Excerpts from a dataset:
============

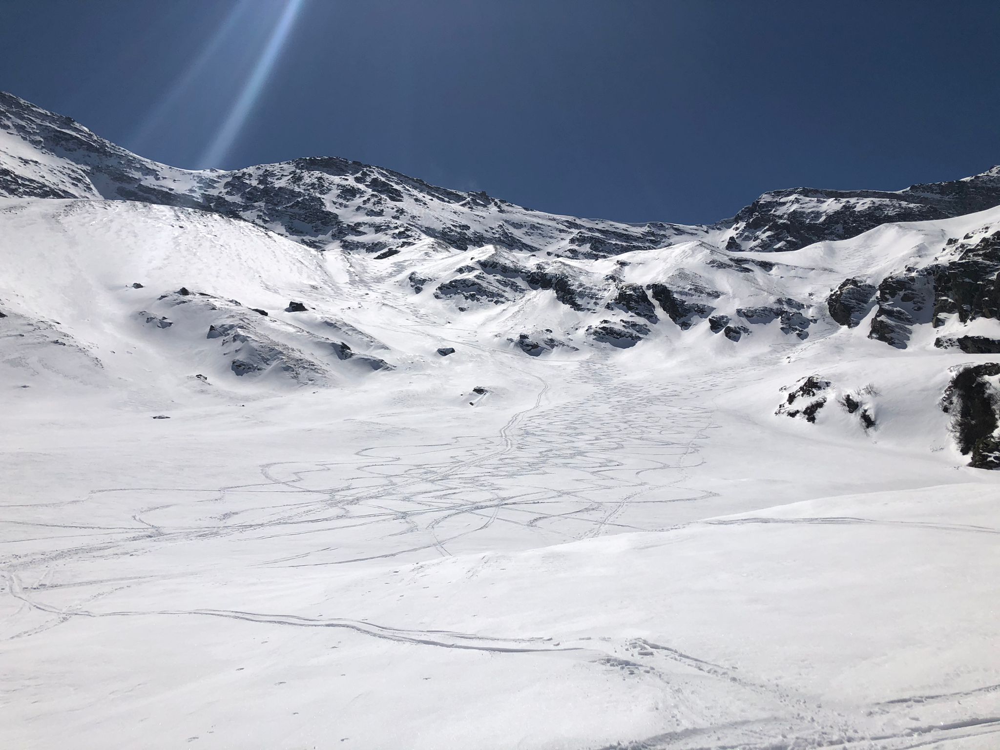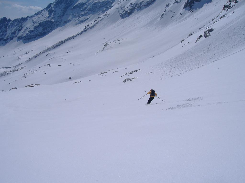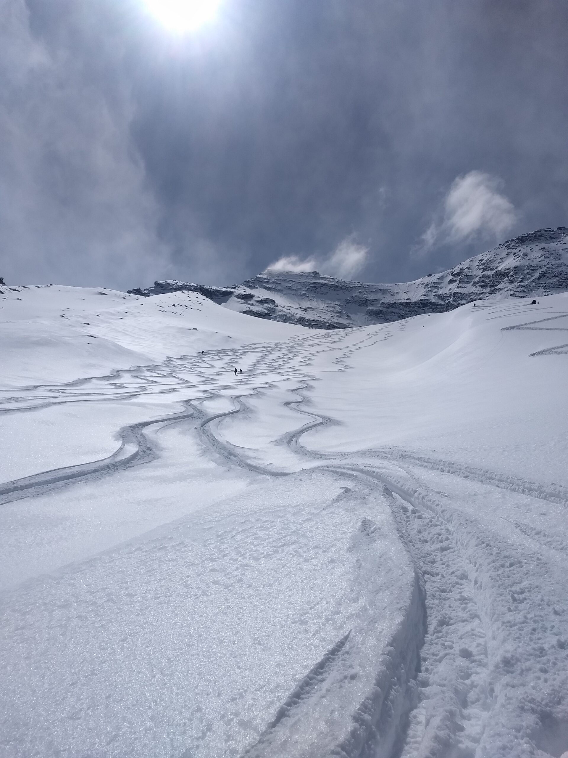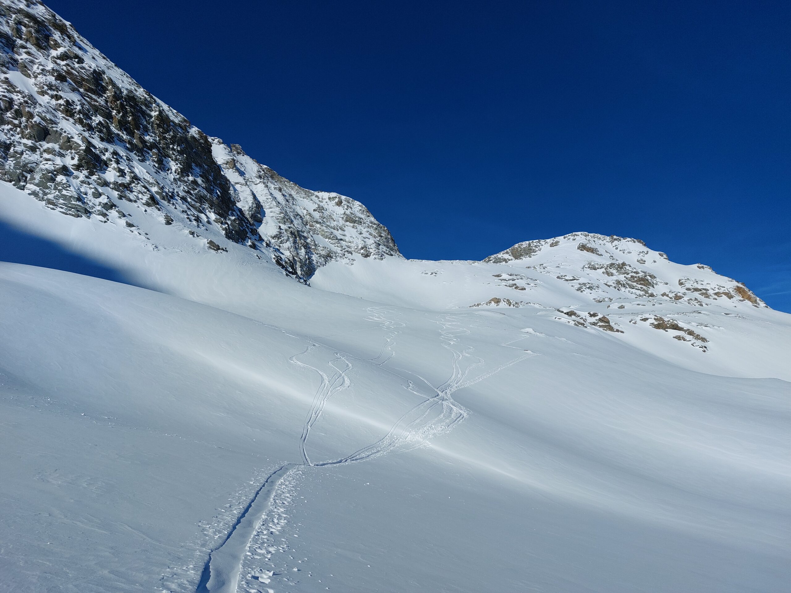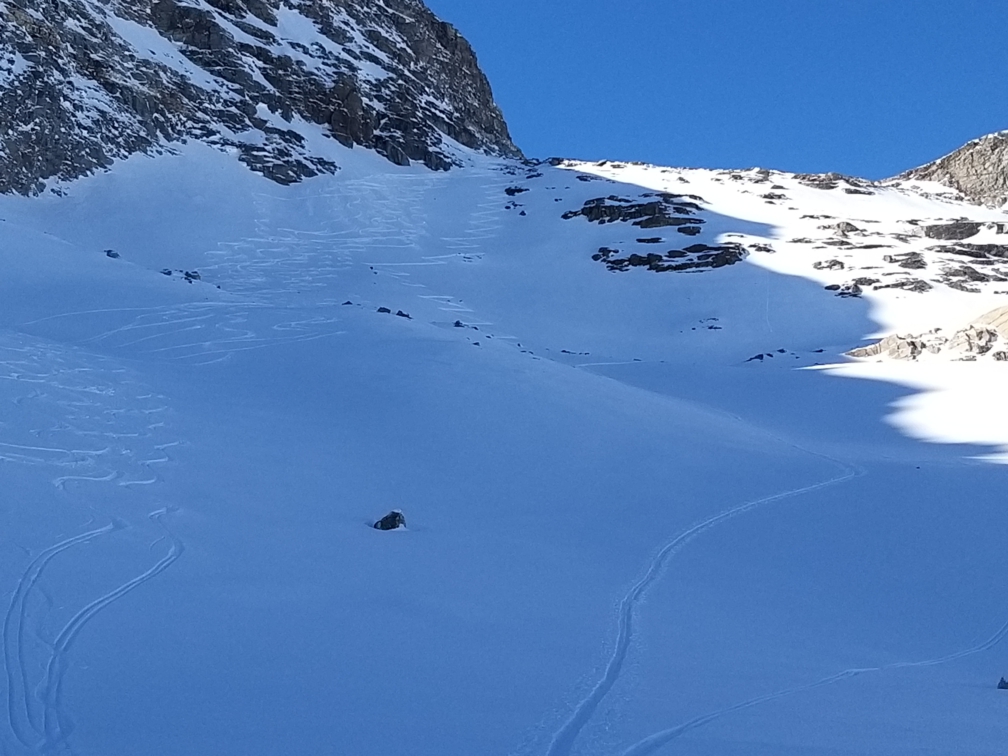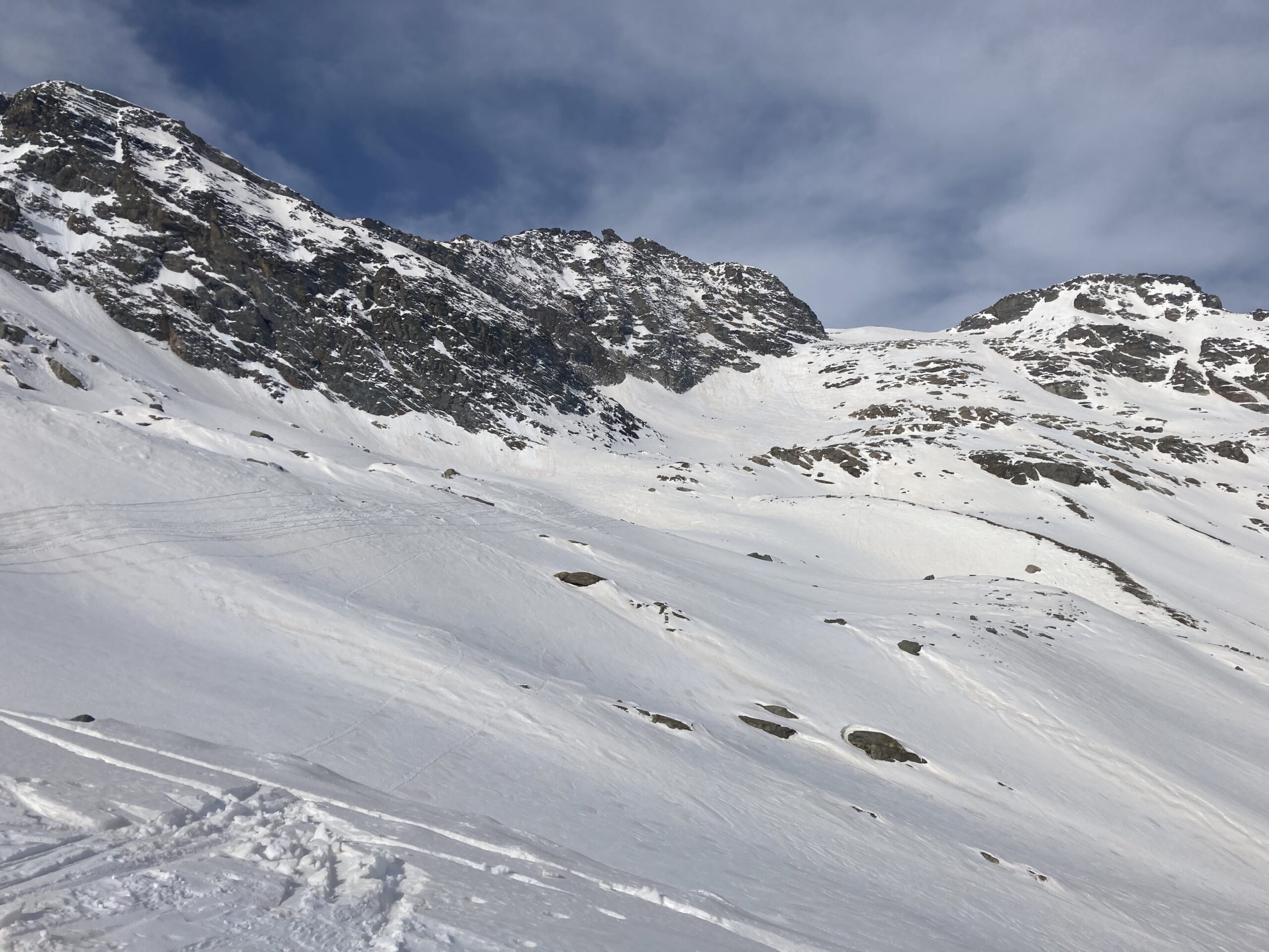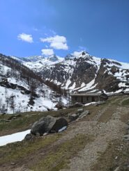 Risalire il vallone raggiungendo, dopo un breve ripido tratto, a una parte più pianeggiante (2150-2200 m). Un ripido pendio canale supera i 500 metri della parte inferiore ed adduce alle conche poste sotto al Colle del Carro. Attraversare in diagonale in direzione della rampa di altri 200-300 metri che supera quel che rimane del ghiacciaio del Carro.
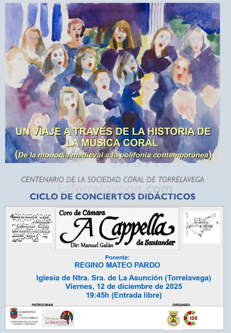 Esta tercera “lección” sobre el canto coral, tendrá lugar en la Iglesia de Nuestra Señora de La Asunción (Torrelavega), el viernes 12 de diciembre, a partir de las 19:45 horas, contando con el profesor Regino Mateo Pardo y el Coro de cámara “A Cappella” de Santander.
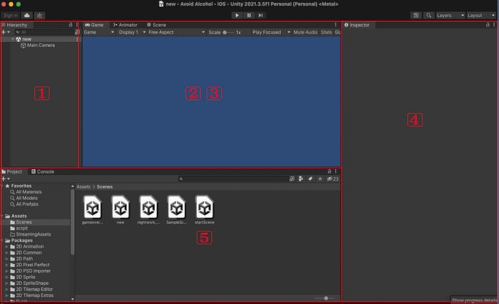 5️⃣ 프로젝트 창 : 게임에 필요한 요소를 파일형태로 관리하고 있는 프로젝트 뷰. 이미지(Asset), 스크립트, 에니메이션, Scene등 모든 것이 있음
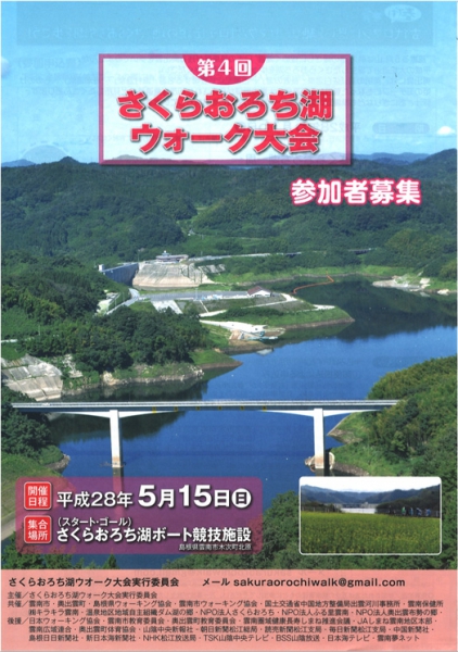 2015-12-26 さくらおろち湖ウォーク大会2016 参加者募集中です。 5月の陽気にあわせて湖畔の散歩はいかがでしょう。 詳細はチラシPDFをご覧ください。 ●さくらおろち湖ウォーク大会要項&申込書
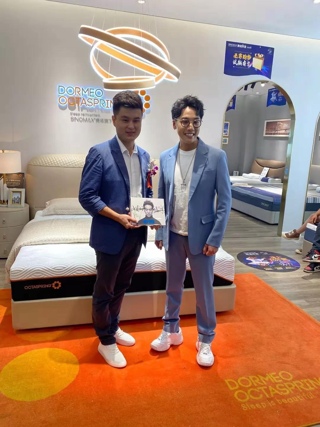 最后,陈乐基在 SINOMAX 赛诺床垫 · 海口店内,与热情的粉丝们合影留恋,并赠送了自己新发售的歌曲专辑。
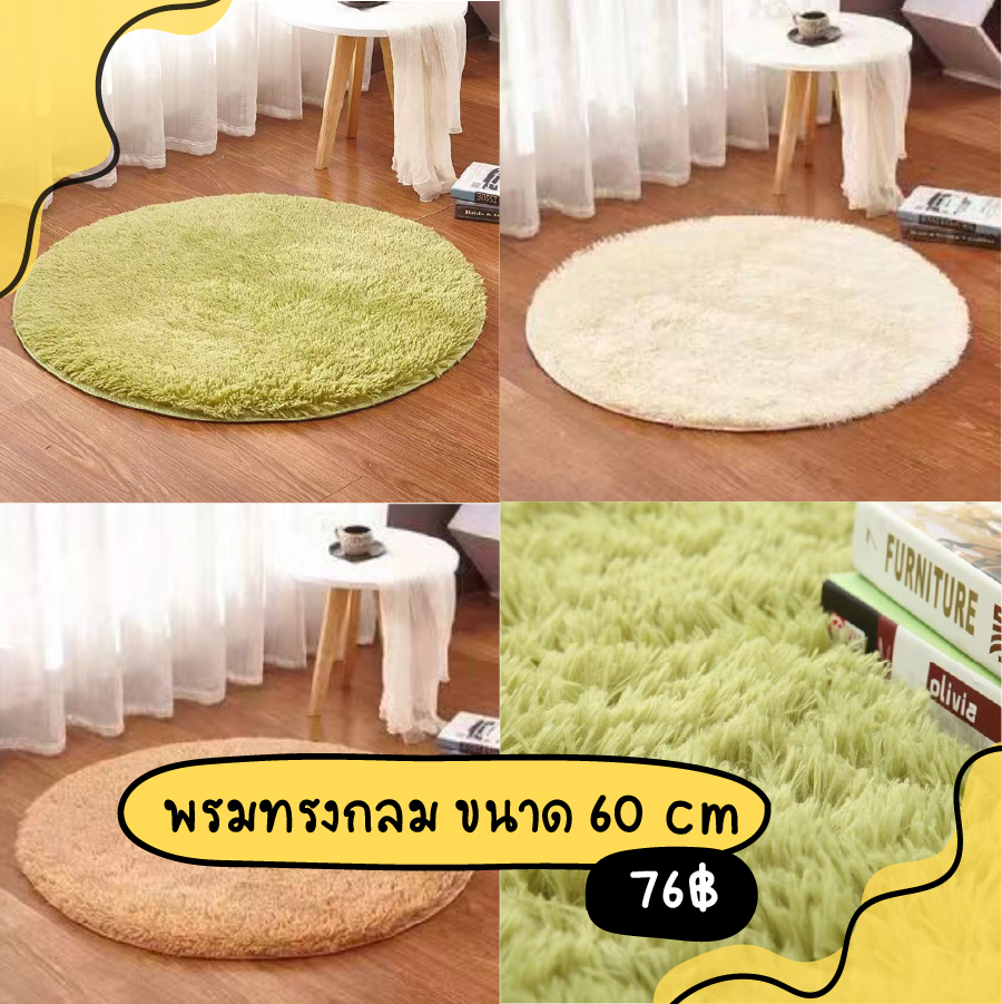 พรมสี่เหลี่ยมว่าน่ารักแล้ว พรมทรงกลมก็น่ารักไม่แพ้กัน ขนาดไม่ใหญ่มาก เหมาะจะเอาไว้รองใต้โต๊ะทำงาน หรือจะนำมารองนั่งที่มุมเล็ก ๆ สำหรับอ่านหนังสือหรือจิบชาก็ดีนะ ขนนุ่มมม และมีตัวกันลื่นใต้ผืนพรมช่วยในการยืดเกาะกับพื้นด้วย
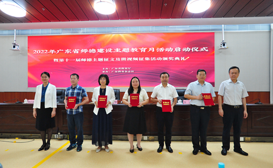 8月26日上午,广东省2022年师德建设主题教育月活动启动仪式暨第十一届师德主题征文及微视频征集活动颁奖典礼在省教育厅主会场举行。我校党委副书记邓国安出席主会场典礼并代表学校领取了“优秀组织奖”。工程学院党委书记施娜柯作为高校(本科)微视频组一等奖的获奖单位代表在会上发言,马克思主义学院练庆伟副教授作为高校(本科)征文组一等奖的获奖教师代表上台接受表彰。学校师德建设委员会各成员单位负责人、各二级单位负责人、其他获奖教师代表在我校分会场参加活动。
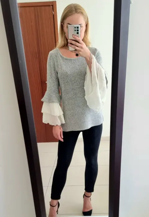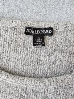Suéter largo nina leonard elegante. Suéter muy lindo clásico nina leonard. Talla M, se puede sin problemas para la talla L. La tela es calentita, muy suave. El diseño es super bello! Esta Nuevo

============

Look above for the line containing "5️⃣ 프로젝트 창 : 게임에", then copy exactly from it through the line containing "最后,陈乐基在 SINOMAX 赛诺床垫", keeping both and leaving out pictures. Add nothing else.

RESULT FOR THIS TASK:
 5️⃣ 프로젝트 창 : 게임에 필요한 요소를 파일형태로 관리하고 있는 프로젝트 뷰. 이미지(Asset), 스크립트, 에니메이션, Scene등 모든 것이 있음
 2015-12-26 さくらおろち湖ウォーク大会2016 参加者募集中です。 5月の陽気にあわせて湖畔の散歩はいかがでしょう。 詳細はチラシPDFをご覧ください。 ●さくらおろち湖ウォーク大会要項&申込書
 最后,陈乐基在 SINOMAX 赛诺床垫 · 海口店内,与热情的粉丝们合影留恋,并赠送了自己新发售的歌曲专辑。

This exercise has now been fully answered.